# What are you reading [May 2017]?



## Elodan (May 1, 2017)

Finished _The Force Awakens_ by Alan Dean Foster.  Did a nice job fleshing out the movie.  Will be reading the short stories in the book and then moving on to _Bound _by Benedict Jacka (the 8th Alex Verus novel).

I've chosen to finally finish _Expert Cube Development with Analysis Services_ (Chris Webb and Marco Russo) as my downstairs read too see what tricks they have for performance improvements.


----------



## Jhaelen (May 2, 2017)

I started reading 'Song of Time' by Ian R. MacLeod. It appears to be quite an unusual sci-fi novel written in a remarkably beautiful literary style. It's written from the view-point of a centenarian violinist who's preparing for her 'second life' (as an artificial construct created from her memories) when she finds a mysterious young man who's been washed ashore. Not sure yet where this will all lead, but it's quite moving.


----------



## Blue (May 3, 2017)

Elodan said:


> Will be reading the short stories in the book and then moving on to _Bound _by Benedict Jacka (the 8th Alex Verus novel).




I'm on the 6th Alex Verus and have 7 & 8 sitting over there taunting me.


----------



## Nellisir (May 4, 2017)

Based on comments here, I decided to pick up The Fifth Season, by NK Jemisin. I really like her stuff, so was a bit surprised I hadn't read it already.

And yeah, turns out I did. 

Fortunately, I also got Book 2, so I'll read that.

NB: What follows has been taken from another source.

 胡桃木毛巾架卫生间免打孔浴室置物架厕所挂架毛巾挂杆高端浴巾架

I also have to check my boxes and find the first copy so I can return the second copy and get something else - probably one of the two Guy Gavriel Kay books I haven't read.


----------



## Ralif Redhammer (May 4, 2017)

Finished V.E. Schwab's A Gathering of Shadows. Really enjoyed it – it was the kind of book that as the page count was winding down, I just wanted there to be a few more. Now I’m starting Talidor’s Guest, a gift from my brother.


----------



## Richards (May 5, 2017)

I just started _The Killer Angels_, a Civil War novel by Michael Shaara that my son's been telling me I need to read for years now.  I'm not the history buff he is, so I'm mainly reading it because it was an inspiration for Joss Whedon's _Firefly_ - and I've already learned that Jubal Early was a historical figure from the Civil War.  I, of course, associate that name with the bounty hunter who was after River Tamm in _Firefly_.

I'm reading a Civil War novel without any interest in Civil War novels - does that seem right to you?

Johnathan


----------



## Blue (May 6, 2017)

Richards said:


> I'm reading a Civil War novel without any interest in Civil War novels - does that seem right to you?

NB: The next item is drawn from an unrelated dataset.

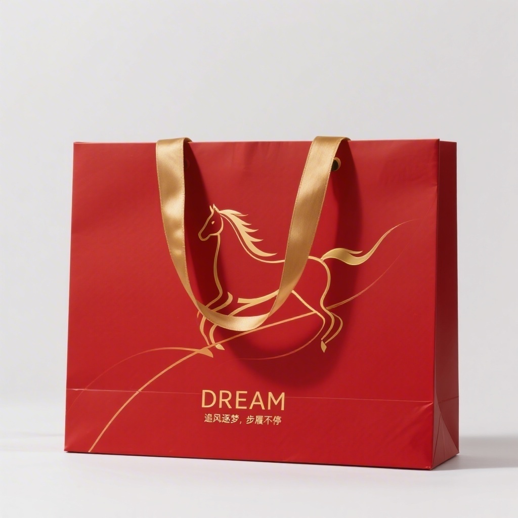 - **设计元素**:哑光正红色加厚铜版纸基底;单条流畅金色线条勾勒动态抽象马形图案;底部简约金色无衬线“DREAM”字样;无装饰边框或辅助图形;手提带为金色缎带材质,与主视觉金色元素呼应

My favorite book are about people.  I like (for instance) hard SF, space opera, and space navel warfare, but I also like 20-minutes-into-the-future which is a lot closer.  Civil War is like that, a lot closer then your normal habits.  but if it's got an enjoyable plot, believable characters, and decent wordsmithing, why not enjoy it.

(Of course, if it doesn't have those, then it's hard to read even if it's a favored genre.)


----------



## Kramodlog (May 6, 2017)

I'm gonna start the _Forever War_. It has many good critics.


----------



## Dwarven_Dad (May 6, 2017)

_The Name of the Wind_ So far, so good. I already knew it was going to be good though.


----------



## Ralif Redhammer (May 10, 2017)

Finished L. Sprague De Camp's The Fallible Fiend. A fun, light read that definitely skewers human foibles and fantasy tropes. Now I'm hitting Sir Terry's A Hat Full of Sky.


----------



## Flexor the Mighty! (May 11, 2017)

The Fallible Fiend was a fun story.  

Right now I've got a pile of books but I moved _Caliban's War_ to the top so I can finish watching season 2 of the Expanse.


----------



## Kramodlog (May 12, 2017)

Tor's monthly free ebook is _A Fire Upon the Deep_ by Vernor Vinge. http://ebookclub.tor.com/

I do not know him, but he won many awards for other works, so why not?


----------



## Kramodlog (May 12, 2017)

*Double P... ost*

Here there be double post, says I!


----------



## Jhaelen (May 12, 2017)

I don't think I'd already mentioned I've started reading 'Dark Eden' by Chris Beckett.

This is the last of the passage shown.